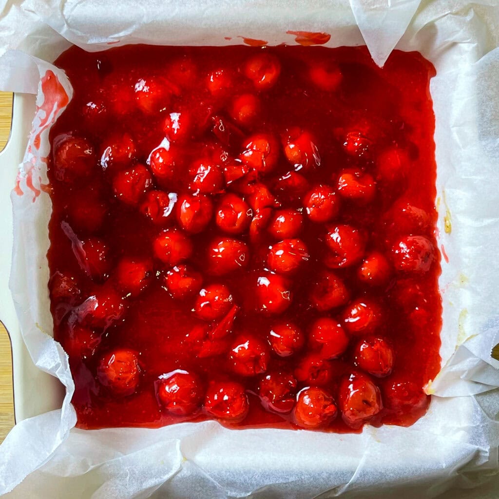 While the crust bakes, mix the cherry fruit filling, applesauce, and lemon juice. Spread this filling evenly over the warm crust.
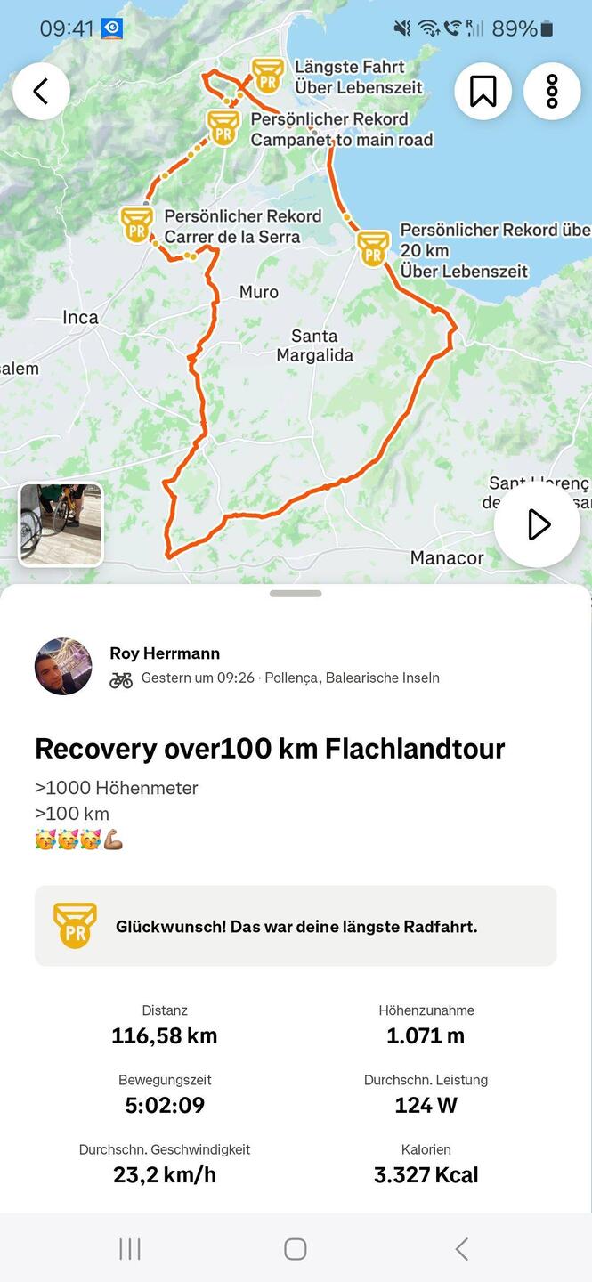 Was gibt's zu heute zu sagen... es sollte eine entspannte 145 Puls Tour werden, Zone 2. Aus dieser >100 km Tour wurden zwischendurch mal kranke Passagen mit >32 km/h.
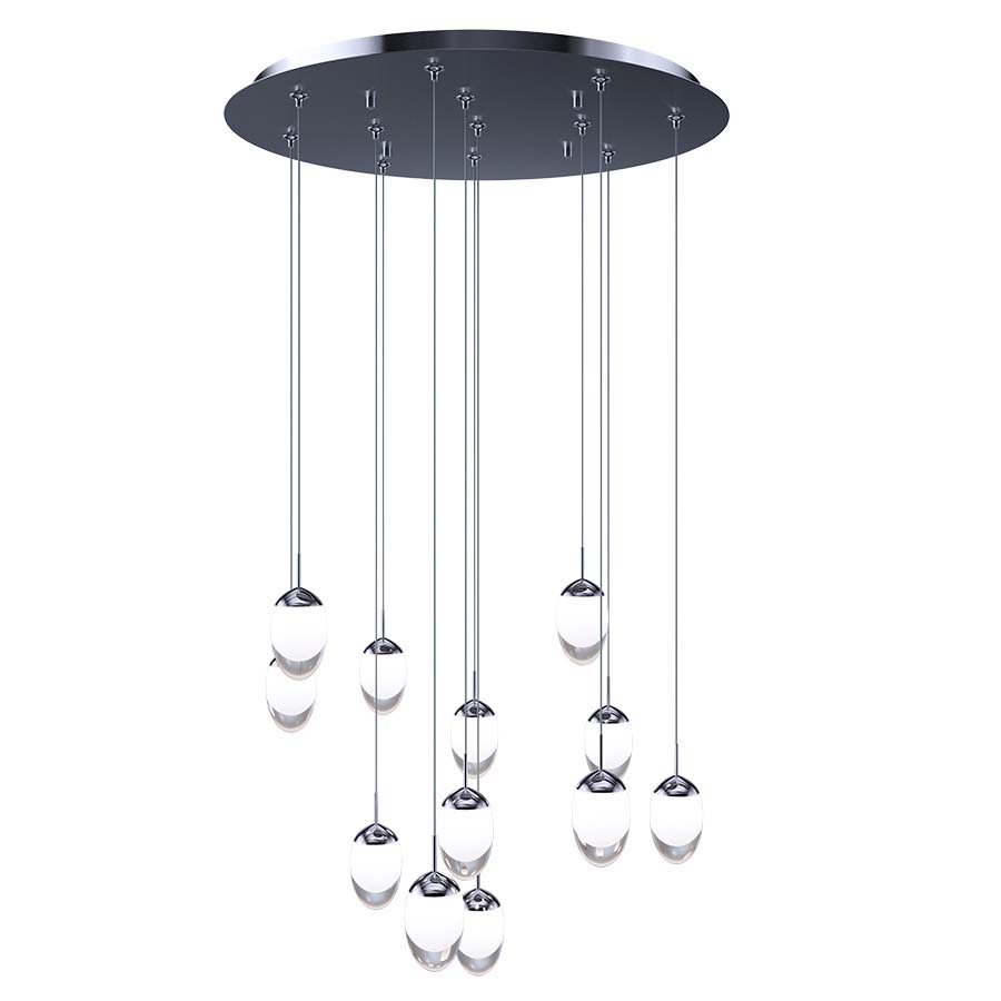 Polished Chrome LED 12-Light Pendant, integrated 2550 lumens LED, Twelve 3 watts, 3000K, 80 CRI, direct wired, adjustable height to 59", Clear Acrylic Diffuser
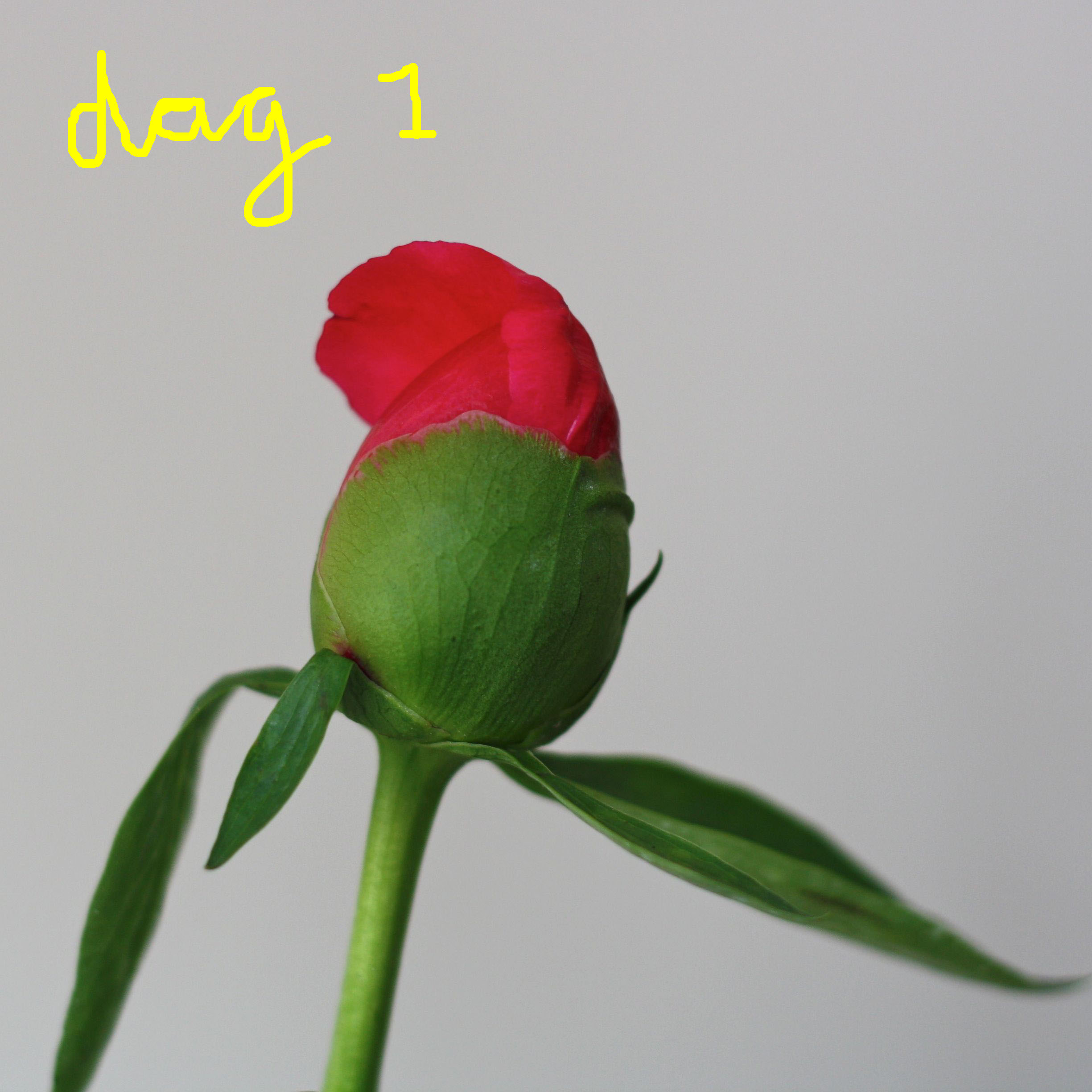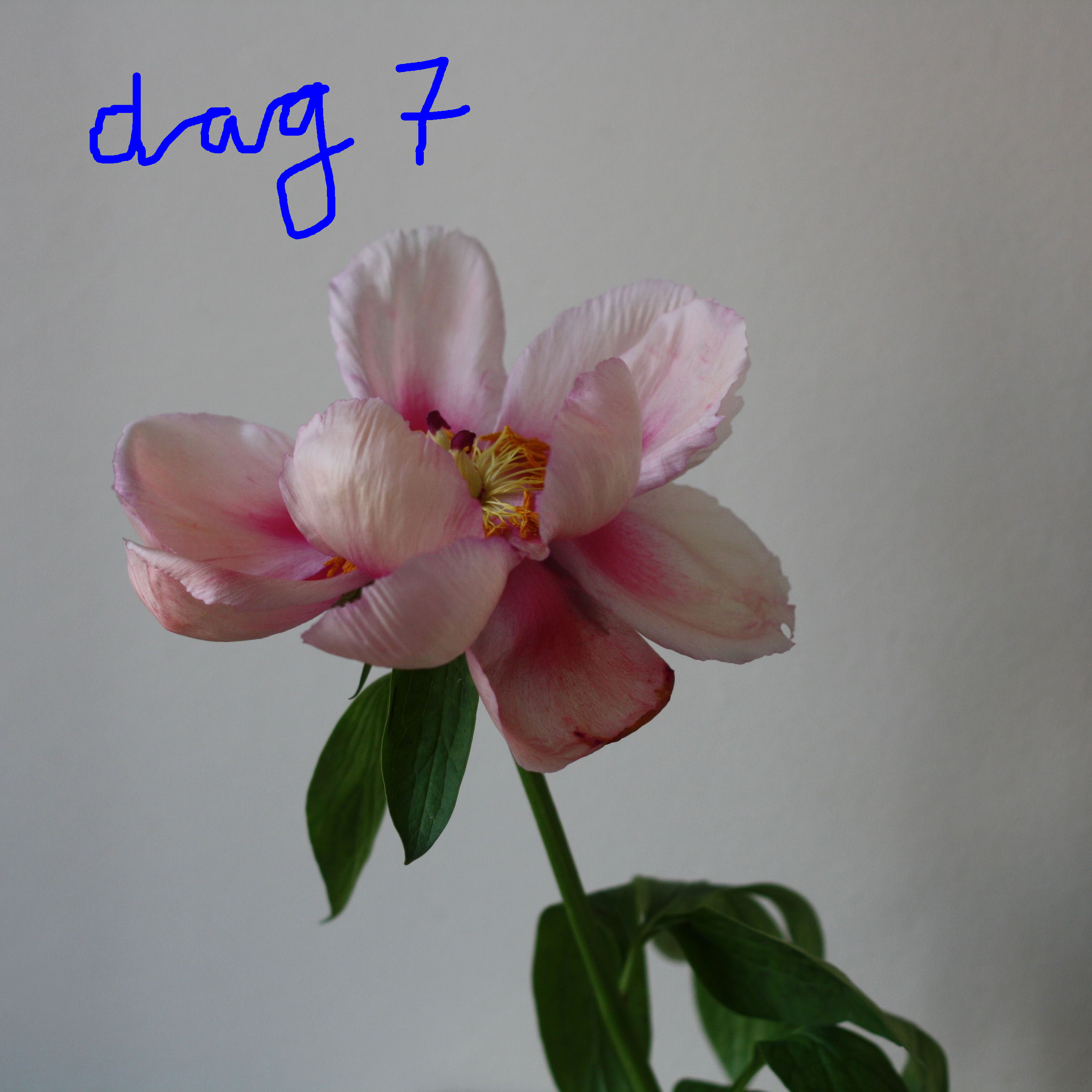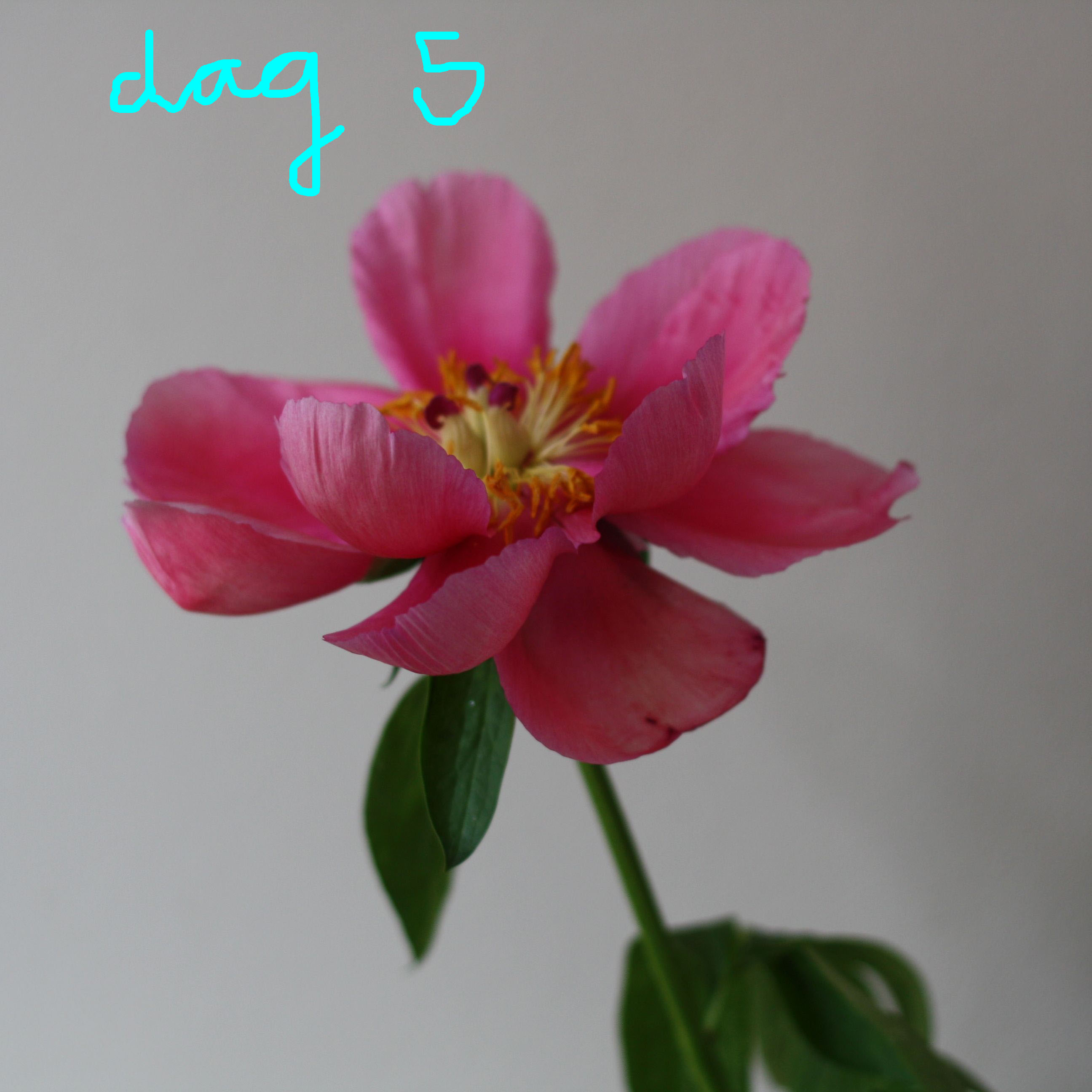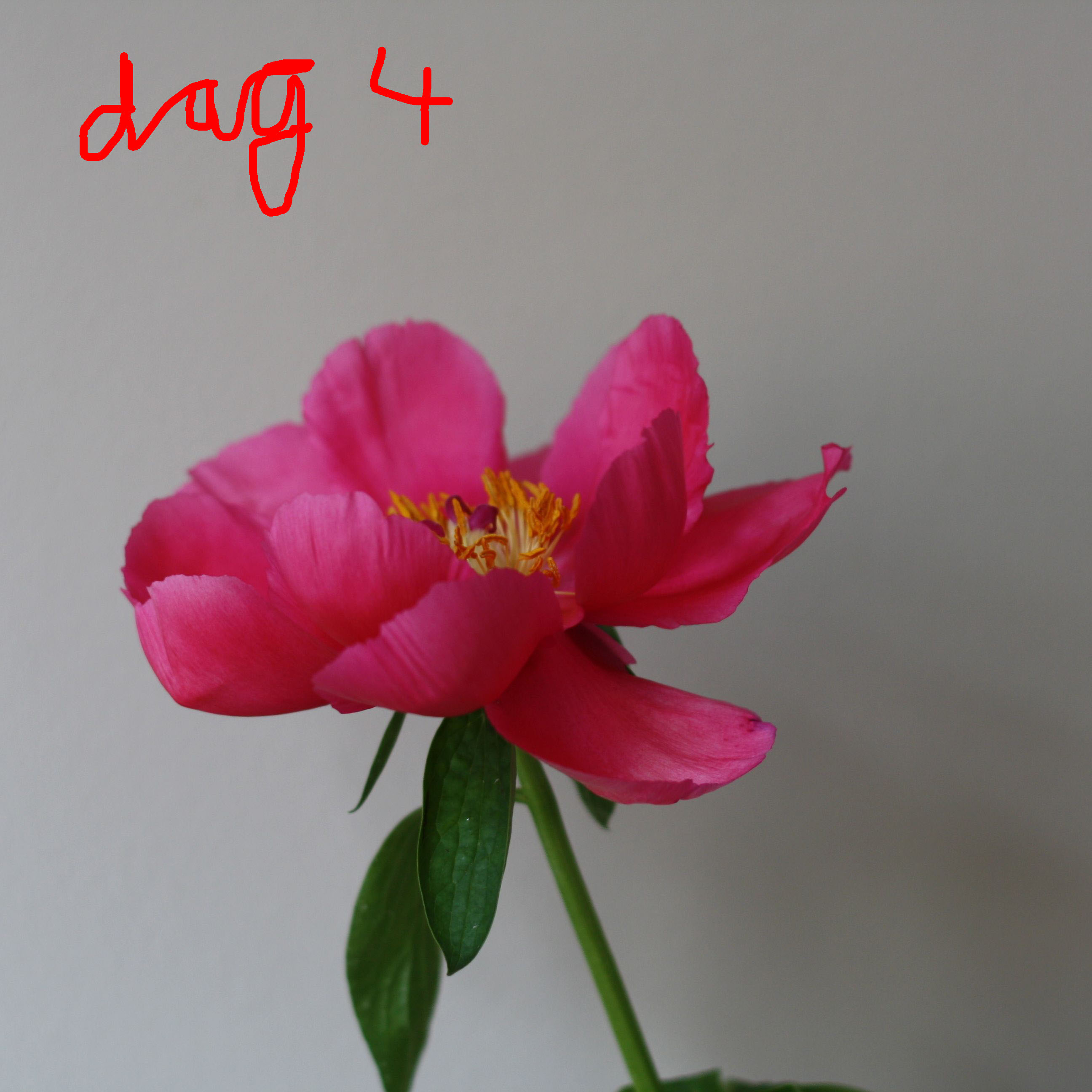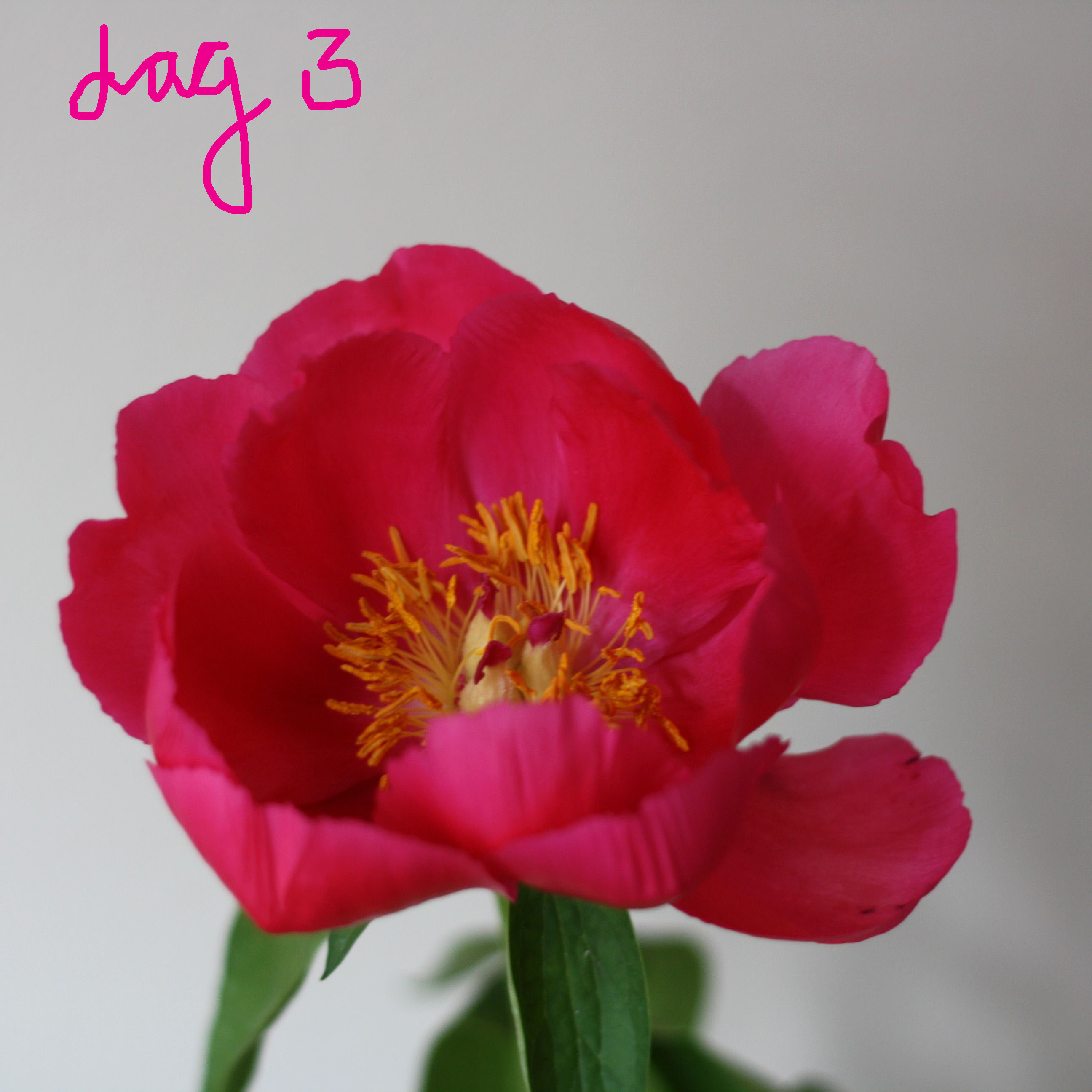 De eerste pioenrozen van dit jaar (bij de bloemist) kon ik niet laten staan. Ik kocht een bos voor mijn collega en nam er 1 extra mee voor mezelf. Ik kreeg het advies dat als de knoppen niet uit dreigde te komen, de knop zachtjes te masseren. Zoals je ziet kwam  zij volop open en showde een week lang haar uitbundige pracht. (Dit heeft vast te maken met mijn verfijnde massagetechniek, want dit deed ik natuurlijk zoiezo om er maar zeker van te zijn dat ze open zou komen 😉 )

·····

* _Your assignment_: Would you please repeat only the lines above, beginning at the one that has "Was gibt's zu" and stopping after the one that has "Polished Chrome LED", exactly and with no pictures?

* _Problem solution_:
 Was gibt's zu heute zu sagen... es sollte eine entspannte 145 Puls Tour werden, Zone 2. Aus dieser >100 km Tour wurden zwischendurch mal kranke Passagen mit >32 km/h.
 Polished Chrome LED 12-Light Pendant, integrated 2550 lumens LED, Twelve 3 watts, 3000K, 80 CRI, direct wired, adjustable height to 59", Clear Acrylic Diffuser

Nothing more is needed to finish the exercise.